Lets go for the fence.
So now, edit the sketch again and add a single fitspline to the three segments. You have just turned three segments into one segment driven by the three (can do it in a second sketch if you like - again, personal style rules).
Now you *might* be able to use this single spline-segment for a curve driven pattern, but I'm not set up to try it right now and I kinda doubt it will work especially for the partial pitch situations. And, I'm pretty sure that curve driven patterns only work in parts so you have to pattern chain link bodies in a part. Or pattern features, then mate a single link component to the seed feature and use a feature driven pattern to make the assembly pattern (and, even so, I haven't tested if feature driven patterns are supported when the pattern is a curve-driven pattern - always keep an eye out for little pitfalls like this)
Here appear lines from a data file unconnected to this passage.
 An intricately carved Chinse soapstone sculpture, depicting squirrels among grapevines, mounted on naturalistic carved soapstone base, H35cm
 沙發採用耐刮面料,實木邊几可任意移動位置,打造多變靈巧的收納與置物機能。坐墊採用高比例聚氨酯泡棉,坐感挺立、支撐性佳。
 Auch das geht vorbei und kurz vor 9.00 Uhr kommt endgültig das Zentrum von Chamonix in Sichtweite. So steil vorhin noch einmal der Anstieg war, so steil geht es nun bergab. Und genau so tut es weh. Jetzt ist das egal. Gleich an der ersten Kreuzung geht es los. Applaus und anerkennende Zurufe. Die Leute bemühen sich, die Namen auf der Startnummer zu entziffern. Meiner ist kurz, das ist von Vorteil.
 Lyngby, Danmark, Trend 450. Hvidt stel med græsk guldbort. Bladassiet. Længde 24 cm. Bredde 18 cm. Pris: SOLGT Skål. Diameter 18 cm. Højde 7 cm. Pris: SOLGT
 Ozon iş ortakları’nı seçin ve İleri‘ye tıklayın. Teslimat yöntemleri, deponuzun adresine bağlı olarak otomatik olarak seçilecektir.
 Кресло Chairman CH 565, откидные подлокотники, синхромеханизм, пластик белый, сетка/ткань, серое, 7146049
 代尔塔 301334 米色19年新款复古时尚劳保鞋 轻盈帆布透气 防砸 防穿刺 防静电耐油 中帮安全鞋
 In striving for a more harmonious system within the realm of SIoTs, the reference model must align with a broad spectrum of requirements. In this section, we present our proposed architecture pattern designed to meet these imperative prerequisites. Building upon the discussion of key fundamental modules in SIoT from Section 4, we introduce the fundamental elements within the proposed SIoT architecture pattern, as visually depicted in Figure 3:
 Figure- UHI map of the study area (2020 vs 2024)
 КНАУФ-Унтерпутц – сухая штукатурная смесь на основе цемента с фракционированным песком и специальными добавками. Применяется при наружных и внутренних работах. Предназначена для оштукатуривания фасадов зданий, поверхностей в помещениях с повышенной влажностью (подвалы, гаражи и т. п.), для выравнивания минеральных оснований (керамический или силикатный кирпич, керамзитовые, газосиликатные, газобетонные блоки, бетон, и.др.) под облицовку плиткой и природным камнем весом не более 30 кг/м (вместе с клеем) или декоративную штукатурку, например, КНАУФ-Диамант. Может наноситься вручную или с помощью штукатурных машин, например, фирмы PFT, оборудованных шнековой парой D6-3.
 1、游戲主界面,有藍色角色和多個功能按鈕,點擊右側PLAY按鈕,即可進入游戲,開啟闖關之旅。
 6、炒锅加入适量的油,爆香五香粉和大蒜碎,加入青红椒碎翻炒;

So how could we get this thing to update correctly and even incorporate the pitch? The following is a little Vegas (a gamble), but if you make small changes when you make changes I bet it will work. it might even work for big changes depending on how the sketcher feels in this release. In a new sketch, draw 20 line segments end to end (make sure no automatic relations are applied, like collinear, vert, or horiz) . Window select them and make them equal, then dim one to your chain pitch. Now you have a sketch that acts like a length of chain. Flop segments around to test it. That's kinda fun.
I *think* if you then make all the 21 pitch endpoints coincident to the fitspline, and one end coincident to the driven end of the fitspline, you will have a sketch mimicking a chain that will follow your layout sketch exactly even as the ends are altered. Note - don't constrain the other end of the chain, because that is NOT accurate - a faceted radius (pitch around a sprocket) is not the same as the arc length of that sprocket - there is an adjustment that needs to be accounted for with the way the sketch is set up with the tangencies and all.
Then you can mate chain segments to those 20 sketch lines. If SWx sketcher were really robust (and who knows in this case?) it would work and update wonderfully. I advocate that you test it first with just the sketch before burning time making mates. That would be fun to try out. Those pitch segments might follow the spline perfectly like so many ants on a scent trail. And if it doesn't work the failure will be interesting and educational. Sorry I don't have the time right now to give it a shot myself.